A machine-rendered reading of the paper's core claim, the machinery that carries it, and where it could break.
Core claim
The paper claims that its five-stage methodology, when run end-to-end on the indirect object identification task in GPT-2 small, establishes that fifteen per-name selective features recovered by a sparse autoencoder are specifically but only partially causal for the task: ablating them leaves the model accurate on 98 percent of prompts, the features explain only 31 percent of activation variance compared with the SAE's 99.7 percent, selectivity ratio anticorrelates with causal force at r equals negative 0.56, the circuit transfers cleanly under three distribution shifts while feature ablation effects degrade, and an optimal cost-based monitor yields 99.1 percent savings against baseline.
What carries the argument
The five-stage methodology of probe design, feature extraction via sparse autoencoder, causal validation by activation patching and ablation, robustness testing under distribution shifts, and deployment integration with cost evaluation.
If this is right
- Activation patching recovers the canonical IOI circuit in which layer-9 head 9 alone produces recovery of plus 1.02.
- Sparse autoencoders extract per-name selective features with effect sizes between 30 and 50 activation units.
- The circuit transfers cleanly under three distribution shifts but feature ablation effects degrade substantially.
- A cost-based deployment evaluation with assumed costs of 50 dollars per false negative and 0.42 dollars per false positive yields an optimal monitor at 8.96 dollars per 1000 queries.
- Optimal monitor composition varies with cost ratio and base error rate, and the conjunction of all stages produces findings unreachable by any single stage.
Where Pith is reading between the lines
- The negative correlation between selectivity and causal force may indicate that the most selective features are not the ones driving the largest behavioral effects in the circuit.

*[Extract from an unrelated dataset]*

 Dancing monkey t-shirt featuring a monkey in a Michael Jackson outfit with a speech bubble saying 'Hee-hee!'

- Extending the same staged validation to other common circuits could show whether partial causality is typical rather than specific to the IOI task.

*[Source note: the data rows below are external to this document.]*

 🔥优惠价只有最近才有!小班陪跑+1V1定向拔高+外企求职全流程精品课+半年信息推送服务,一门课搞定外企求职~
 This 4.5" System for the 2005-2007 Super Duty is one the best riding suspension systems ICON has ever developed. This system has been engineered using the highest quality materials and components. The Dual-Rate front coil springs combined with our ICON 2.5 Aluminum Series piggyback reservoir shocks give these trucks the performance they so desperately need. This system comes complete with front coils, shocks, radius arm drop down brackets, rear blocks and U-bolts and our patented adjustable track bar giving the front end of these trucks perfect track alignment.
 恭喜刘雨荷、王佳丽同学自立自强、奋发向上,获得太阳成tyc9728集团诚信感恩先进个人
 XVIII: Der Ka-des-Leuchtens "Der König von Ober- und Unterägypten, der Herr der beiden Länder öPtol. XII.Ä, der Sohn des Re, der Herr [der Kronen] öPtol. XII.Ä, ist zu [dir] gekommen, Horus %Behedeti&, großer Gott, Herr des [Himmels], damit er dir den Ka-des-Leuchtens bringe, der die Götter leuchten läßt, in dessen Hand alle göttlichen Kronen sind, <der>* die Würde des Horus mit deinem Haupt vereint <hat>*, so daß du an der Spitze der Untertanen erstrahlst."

- The observed gap between circuit robustness and feature robustness under shifts suggests that interpretability work should track both levels separately when building monitors.

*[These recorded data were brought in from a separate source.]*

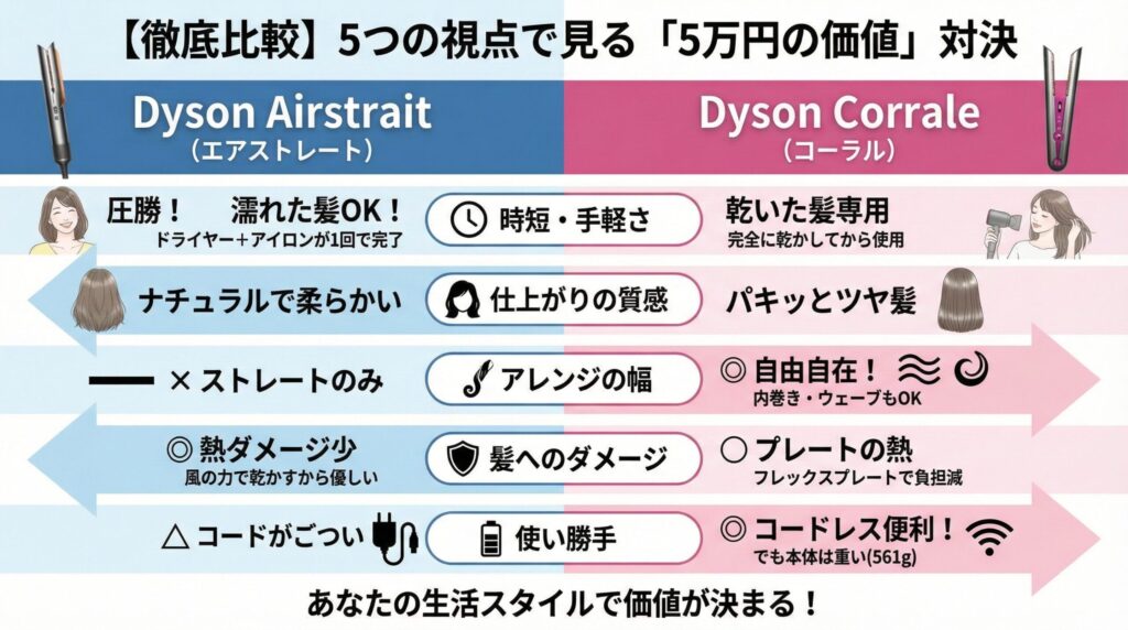この記事では、Dysonの2大巨頭「Airstrait(エアストレート)」と「Corrale(コーラル)」を徹底比較します。あなたの「ズボラ度」や「理想の朝」から逆算して、「どちらが5万円払う価値がある正解か」を白黒はっきりつけましょう!
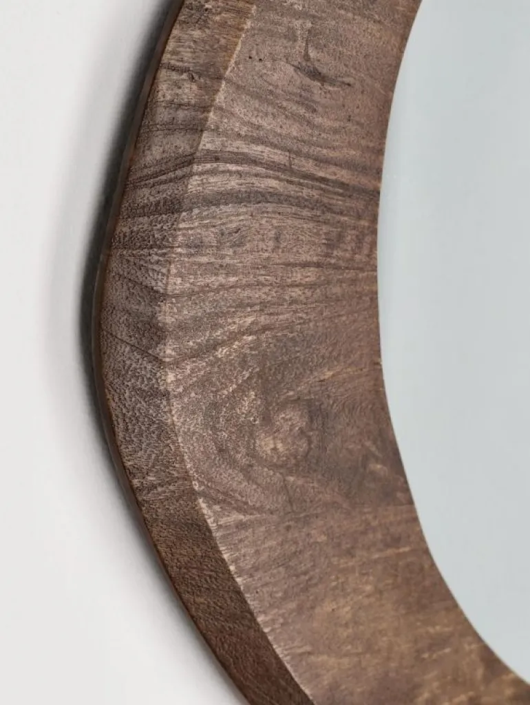 LEGNO DI MANGO FINITURA A BASE DI NITROCELLULOSA E VETRO. MISURE SPECCHIO: Ø47CM
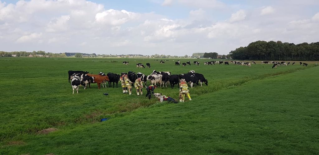 Woensdagmiddag zijn wij opgeroepen voor een Dier in nood langs de Kaai (Tussen slotlaan en Eilandseweg). Ter plaatsen bleek een koe verkoeling te zoeken in de sloot. Na enkele pogingen zonder medewerking van de koe is het gelukt om het dier weer op het droge te krijgen.
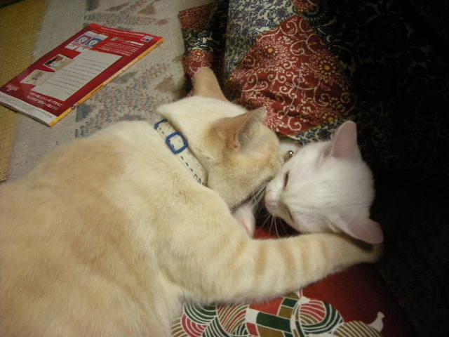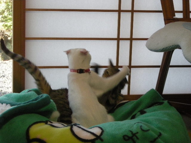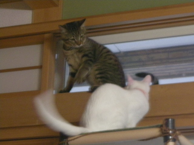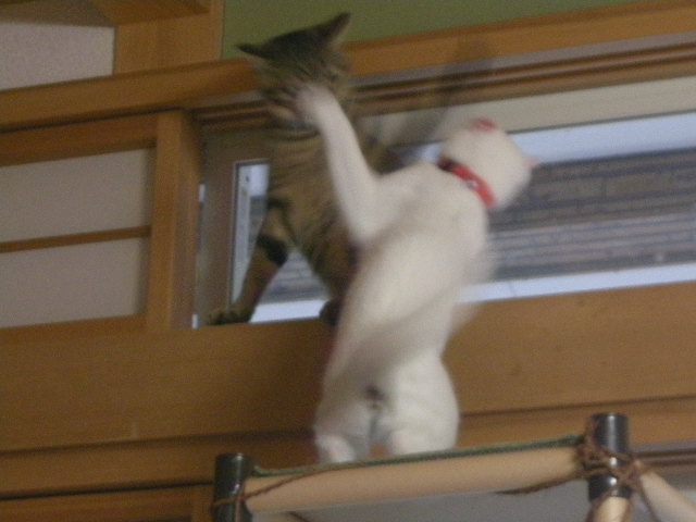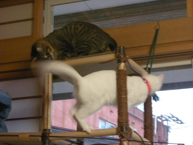 そんな狭いところでじゃれなくても、と思うのは人間だけ?
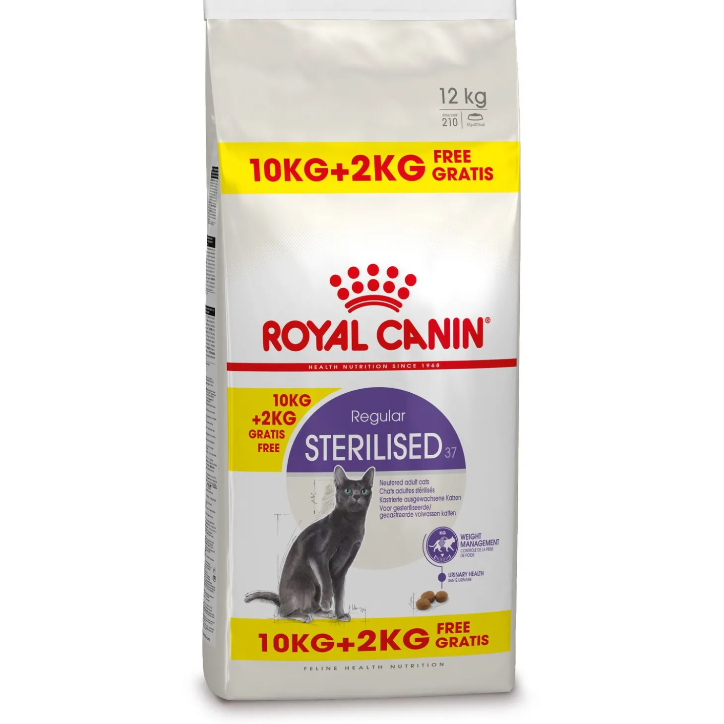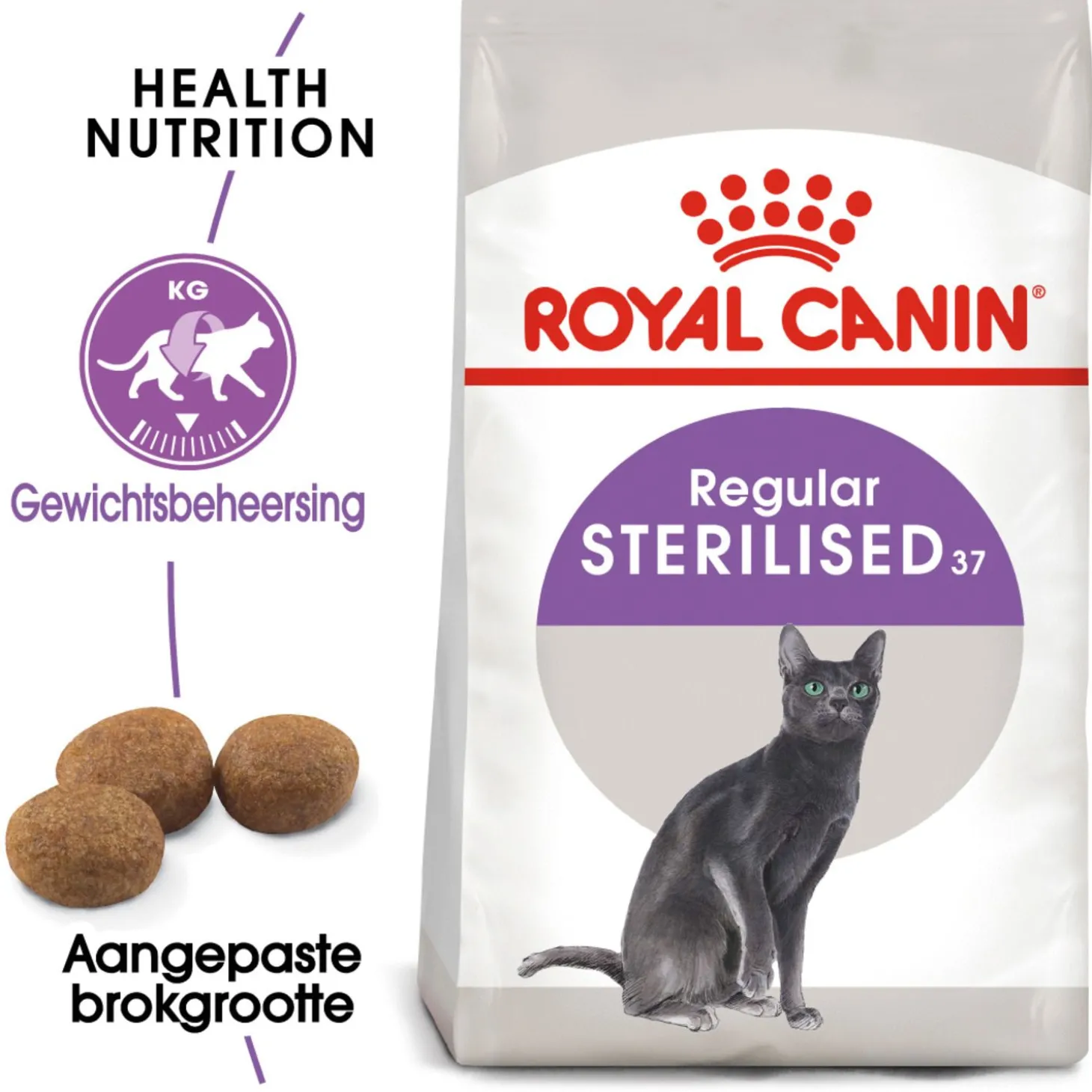 Royal Canin Sterilised 37 is verkrijgbaar in 400 gr, 2 kg, 4 kg en 10 kg.

- Cost-sensitive deployment calculations can still favor using even partially causal features when false-negative costs are high relative to false-positive costs.
Load-bearing premise
The three chosen distribution shifts adequately represent the range of real-world changes that could affect feature causality and circuit robustness.
What would settle it
Re-running the full five-stage pipeline on a different model or task and finding that ablating the identified selective features drops accuracy by far more than 2 percent, or that the selectivity ratio correlates positively rather than negatively with causal force.
Figures
read the original abstract
We propose a five-stage methodology for causal feature analysis in transformer language models (probe design, feature extraction, causal validation, robustness testing, and deployment integration) and demonstrate it end-to-end on GPT-2 small performing the Indirect Object Identification (IOI) task. Activation patching recovers the canonical IOI circuit (layer-9 head 9 alone gives recovery +1.02). A sparse autoencoder recovers per-name selective features with effect sizes of 30 to 50 activation units. Causal validation finds these features specifically but only partially causal: ablating fifteen of them leaves the model accurate on 98% of prompts. Two NLA-inspired evaluations strengthen this picture: the fifteen selective features explain only 31% of activation variance versus the SAE's 99.7%, and selectivity ratio anticorrelates with causal force (r = -0.56). Robustness testing under three distribution shifts finds that the circuit transfers cleanly but feature ablation effects degrade substantially, exposing a gap between detection robustness and causal robustness. A cost-based deployment evaluation (assumed $50/FN, $0.42/FP, 2% error rate) finds an optimal monitor configuration yielding $8.96 per 1000 queries against a $1000 baseline, a 99.1% saving. Optimal composition strategy varies with cost ratio and base rate. The conjunction of stages produces findings no single stage would.
Editorial analysis
A structured set of objections, weighed in public.
Referee Report
Summary. The paper proposes a five-stage methodology (probe design, feature extraction, causal validation, robustness testing, deployment integration) for causal feature analysis in transformer LMs and demonstrates it end-to-end on GPT-2 small for the IOI task. Activation patching recovers the canonical IOI circuit; an SAE extracts per-name selective features; ablation of fifteen such features leaves 98% accuracy; the features explain only 31% of activation variance (vs. SAE's 99.7%) with selectivity ratio anticorrelating with causal force (r=-0.56); the circuit transfers across three distribution shifts while feature-ablation effects degrade; a cost-based monitor yields $8.96 per 1000 queries vs. $1000 baseline.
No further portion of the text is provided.